Check whether a number is positive or negative

Problem statement: Given a number n check whether it’s positive or negative.

Examples:

Example 1:
Input: n=5
Output: Positive

Example2:
Input: n=-6
Output: Negative

Solution

Disclaimer: Don’t jump directly to the solution, try it out yourself first.

Solution1: Using conditions

Intuition: As we know if a number is greater than 0 then it is positive otherwise it is negative.

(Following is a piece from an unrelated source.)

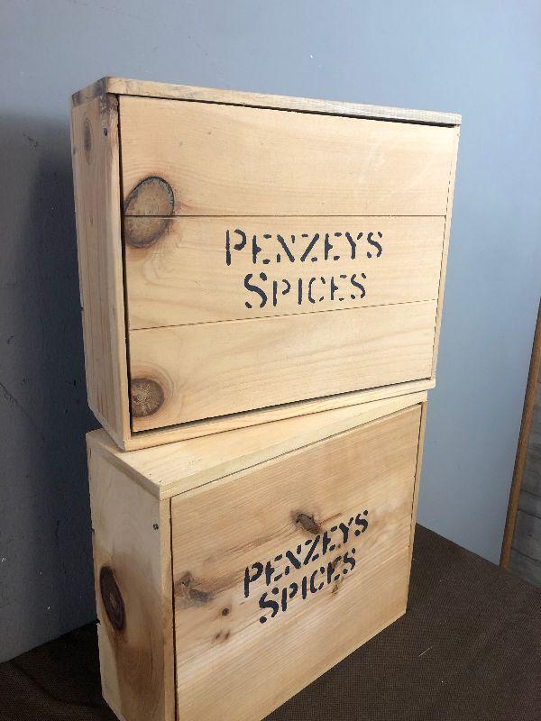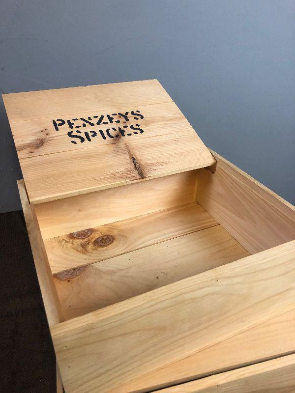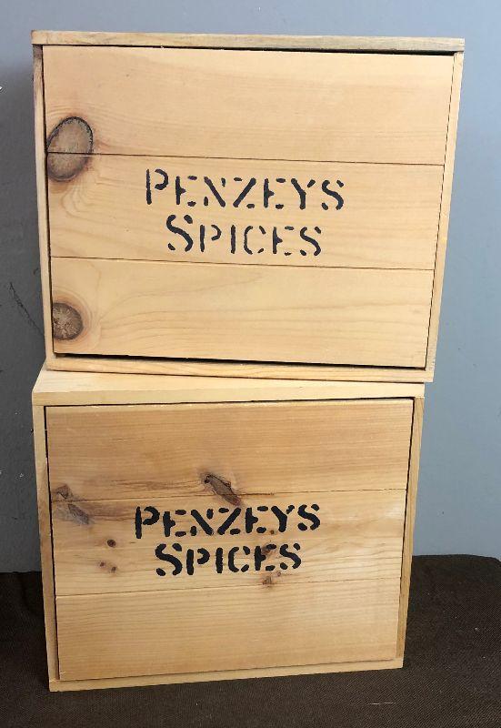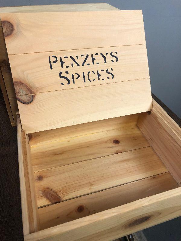 Marked: Penzeys Spices, newer with hinged lid, good condition 14 x 12 x 5

Hence we can compare our number with 0 to get the answer.

Approach:

  • Compare n with zero.
  • If it is greater than 0, it is positive.
  • If it is lesser than 0, it is negative.

For example: 

n=5, 5>0 Hence: Positive

n=-6, -6<0 Hence: Negative

Code:

C++ Code

#include<bits/stdc++.h>
using namespace std;
 void check(int n) {
    if (n > 0) {
      cout<<n<<" is positive."<<endl;
    } else {
      cout<<n<<" is negative."<<endl;
    }
  }
  int main() {

    int n = 5;
    check(n);
    n = -6;
    check(n);
  }

Output:

5 is positive.
-6 is negative.

Time complexity: O(1)

Space Complexity: O(1)

Java Code

import java.util.*;

public class tuf {

  public static void main(String[] args) {

    int n = 5;
    check(n);
    n = -6;
    check(n);
  }
  public static void check(int n) {
    if (n > 0) {
      System.out.println(n + " is positive.");
    } else {
      System.out.println(n + " is negative.");
    }
  }
}

Output:

5 is positive.
-6 is negative.

Time complexity: O(1)

Space Complexity: O(1)

Solution 2: Using Bitwise operators

Intuition: The signed right shift operator ‘>>’ uses the sign bit to fill the trailing positions. For example, if the number is positive then 0 will be used to fill the trailing positions and if the number is negative then 1 will be used to fill the trailing positions.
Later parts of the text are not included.